Actually, that loop example probably would work using either std::any or some wrapper around it and the any_cast gets done inside the subgraph code.

PS. Ah, except we are still on C++14. There is boost::any, so we might have to use that for now.

jeremy-murphy avatar Aug 14 '25 02:08 jeremy-murphy

I understand your point: Silent behavior changes are dangerous. In this case, however, I still hold the current behavior to be a genuine bug that should be fixed: It runs counter to all(!) documentation and sensibility.

Such changes are what change notes are for. (I like to reference https://xkcd.com/1172/ in such cases).

A technical overhaul is possible, since the actual class of the vertex descriptor is not specified, only its properties (https://www.boost.org/doc/libs/latest/libs/graph/doc/Graph.html): Default Constructible, Assignable, Equality Comparable. So in principle there stands nothing against replacing the simple index/iterator which is currently used with a more complex class.

One possible implementation might be:

  • vertex descriptors of subgraphs are a map:
  • the key is the pointer to a given subgraph object, the value is the internal vertex descriptor into that subgraph (i.e., vector index, list/set iterator) itself.
  • creating a new subgraph means adding an entry into each vertex descriptors map
  • a vertex is part of a given subgraph if and only if that subgraphs address is inside the map.

However, this has ramifications for runtime and memory consumption and is a much too large project for such a simple change.

reuther-genisys avatar Aug 14 '25 10:08 reuther-genisys

Yeah the map doesn't sound efficient at all.
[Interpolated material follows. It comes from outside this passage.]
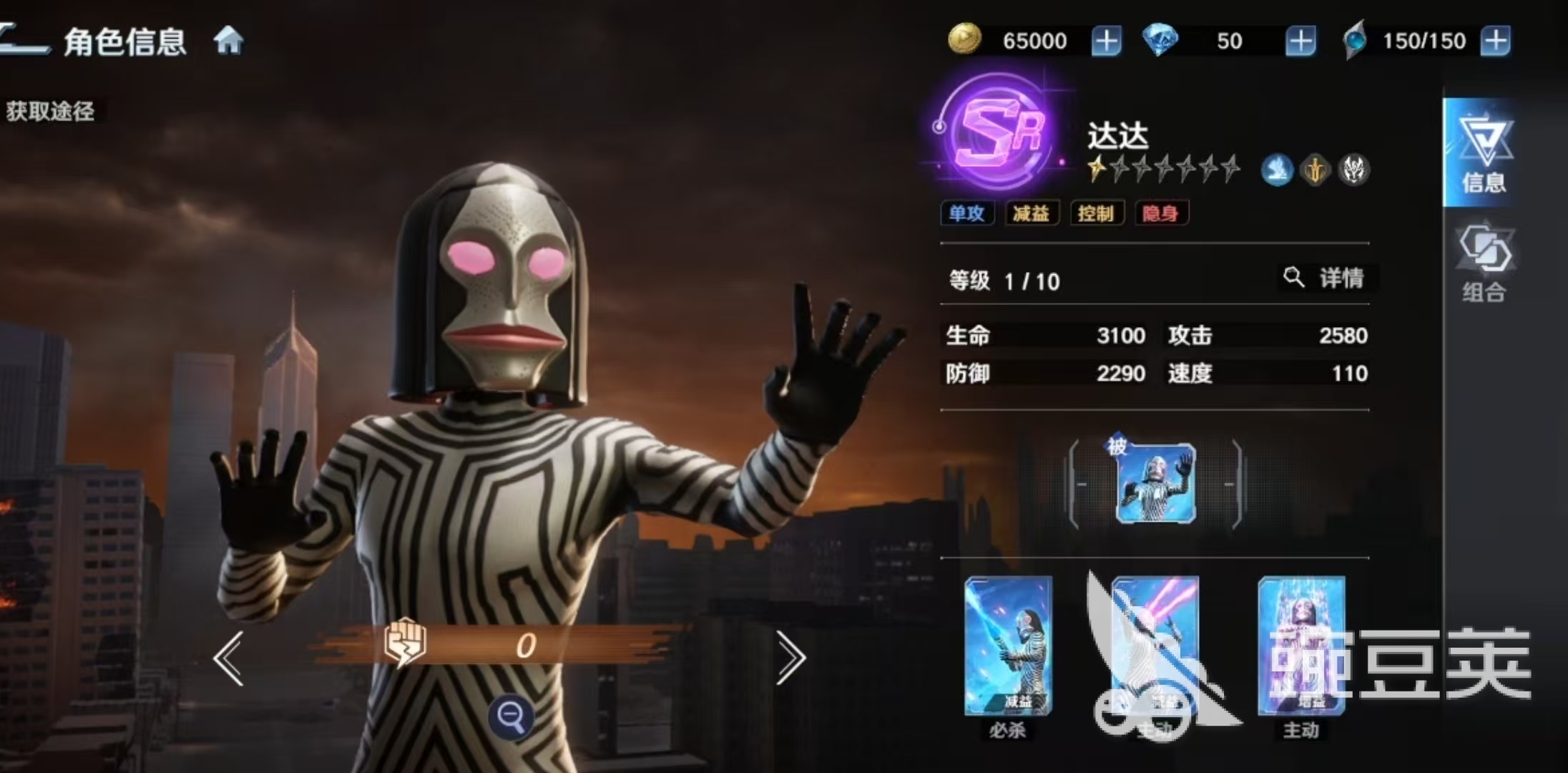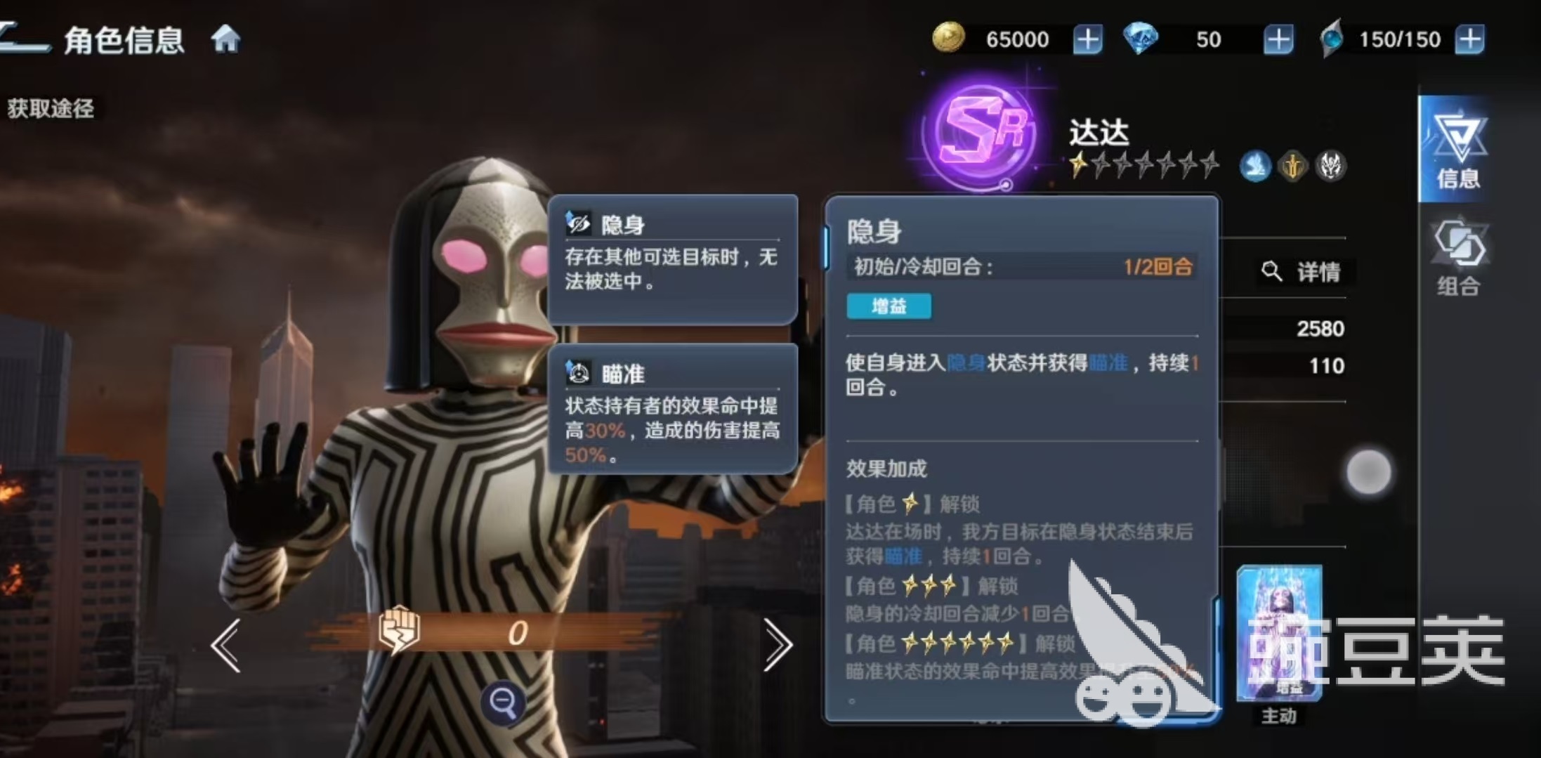 达达的核心输出技能为必杀技“缩小光线”,可对敌方单体造成伤害,并有概率施加持续两回合的“缩小”状态。该状态属于硬控类效果,能显著压制对方主力输出单位的行动能力,在单核阵容对抗场景中尤为关键。随着技能等级提升,基础伤害倍率同步增强。另一主动技能“眼部光线”则提供单体伤害与眩晕控制,星级提升后伤害与触发概率均有所提高,但受限于SR品质,整体眩晕稳定性仍处于中等水平。此外,“隐身”为其核心生存技:发动后进入不可选中状态,同时获得“瞄准”效果;若场上存在其他可攻击目标,则自身不会成为敌方技能或普攻对象,大幅延长站场时间。

The local vs global state, which is effectively known at compile time just needs to be encoded in the type system.

jeremy-murphy avatar Aug 15 '25 23:08 jeremy-murphy

I had a quick look at the code, and it's the current implementation could be cleaned up in a few ways related to this. Basically adding a bool template parameter to the class and specializing the class implementation on it would lead to less run-time work at the cost of, of course, more compile-time work. is_root would become a constant expression and where it is currently used as run-time logic would instead be used to specialize each class implementation. (These are notes to myself or whomever takes on the task.)